THE DATA:
======

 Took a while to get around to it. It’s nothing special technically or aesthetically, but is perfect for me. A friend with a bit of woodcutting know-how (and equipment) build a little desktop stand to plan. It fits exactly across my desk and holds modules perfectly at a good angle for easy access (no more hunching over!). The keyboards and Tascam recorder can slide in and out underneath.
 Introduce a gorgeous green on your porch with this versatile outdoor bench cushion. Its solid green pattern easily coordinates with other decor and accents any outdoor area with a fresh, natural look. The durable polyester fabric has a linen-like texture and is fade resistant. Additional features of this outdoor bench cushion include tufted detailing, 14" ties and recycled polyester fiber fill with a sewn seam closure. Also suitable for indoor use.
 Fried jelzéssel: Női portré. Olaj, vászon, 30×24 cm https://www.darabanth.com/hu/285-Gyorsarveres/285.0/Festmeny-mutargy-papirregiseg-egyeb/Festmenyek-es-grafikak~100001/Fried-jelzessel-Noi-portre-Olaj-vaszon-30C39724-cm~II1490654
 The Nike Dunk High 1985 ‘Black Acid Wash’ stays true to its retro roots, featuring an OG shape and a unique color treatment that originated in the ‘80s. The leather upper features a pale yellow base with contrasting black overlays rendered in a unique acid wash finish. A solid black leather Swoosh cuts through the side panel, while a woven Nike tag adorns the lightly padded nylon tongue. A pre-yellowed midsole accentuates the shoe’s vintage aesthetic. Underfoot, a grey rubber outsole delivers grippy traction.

======

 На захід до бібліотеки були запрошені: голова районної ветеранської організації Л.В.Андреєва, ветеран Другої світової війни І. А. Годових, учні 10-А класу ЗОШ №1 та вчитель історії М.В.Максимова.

======

WHAT THIS TASK INVOLVES: Scan the entries above for the string "while" and copy each line containing it.

SOLUTION TO THIS TASK:
 Took a while to get around to it. It’s nothing special technically or aesthetically, but is perfect for me. A friend with a bit of woodcutting know-how (and equipment) build a little desktop stand to plan. It fits exactly across my desk and holds modules perfectly at a good angle for easy access (no more hunching over!). The keyboards and Tascam recorder can slide in and out underneath.
 The Nike Dunk High 1985 ‘Black Acid Wash’ stays true to its retro roots, featuring an OG shape and a unique color treatment that originated in the ‘80s. The leather upper features a pale yellow base with contrasting black overlays rendered in a unique acid wash finish. A solid black leather Swoosh cuts through the side panel, while a woven Nike tag adorns the lightly padded nylon tongue. A pre-yellowed midsole accentuates the shoe’s vintage aesthetic. Underfoot, a grey rubber outsole delivers grippy traction.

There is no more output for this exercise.